Abstract

The enumeration of hydrocarbon-degrading bacteria is important in the evaluation and monitoring of the bioremediation of petroleum spills. Colony formation on mineral agar plates incubated in the presence of hydrocarbons is often used for such enumerations. We evaluated this method by inoculating mineral agar plates with dilutions of gasoline-contaminated ground water and of unpolluted surface water and incubating the plates either with or without toluene-xylene (TX) fumes. Approximately the same number of colonies formed on both sets of plates, and the colony-forming units calculated were much higher than the most probable number of TX-degrading bacteria or of TOL plasmid-containing bacteria estimated using liquid mineral media containing TX or meta-toluate. Colonies that grew on both the fume-incubated and the control plates were examined for growth in TX fumes or on meta-toluate on transfer to fresh mineral agar, and for the presence of the TOL plasmid using a dioxigenin-dUTP labelled whole TOL plasmid probe. About 98% of the colonies from plates inoculated with unpolluted surface water were negative for all three characters even when they came from TX-incubated plates.
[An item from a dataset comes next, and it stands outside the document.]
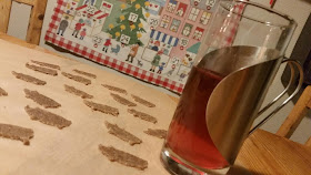 Pepparkakorna! Enkelt, man bakar lchf-pepparkakor! Detta kan man kombinera med en god glögg som man trollar ihop av ett torrt vin, inget restsocker alls, och glöggkrydda. Jag brukar sätta glöggkryddan i en tésil och värma vinet i en kastrull, med tésilen i. Vet ni vad det smakar? Glögg! Ett annat alternativ är att köpa ett gott Clippo-te, t.ex. "aronia and fruits" som är ett rött och gott te, och så sätter man vatten och ett par tepåsar i en kastrull med tésilen med kryddor.

Many of the colonies from fume or control plates inoculated with gasoline-contaminated ground water possessed one or more of these phenotypic characters. We conclude that many environmental bacteria, which are not hydrocarbon degraders, can form colonies on mineral agar plates in the presence of hydrocarbons, and that the use of this type of medium may result in the over-estimation of the population of hydrocarbon-degrading bacteria.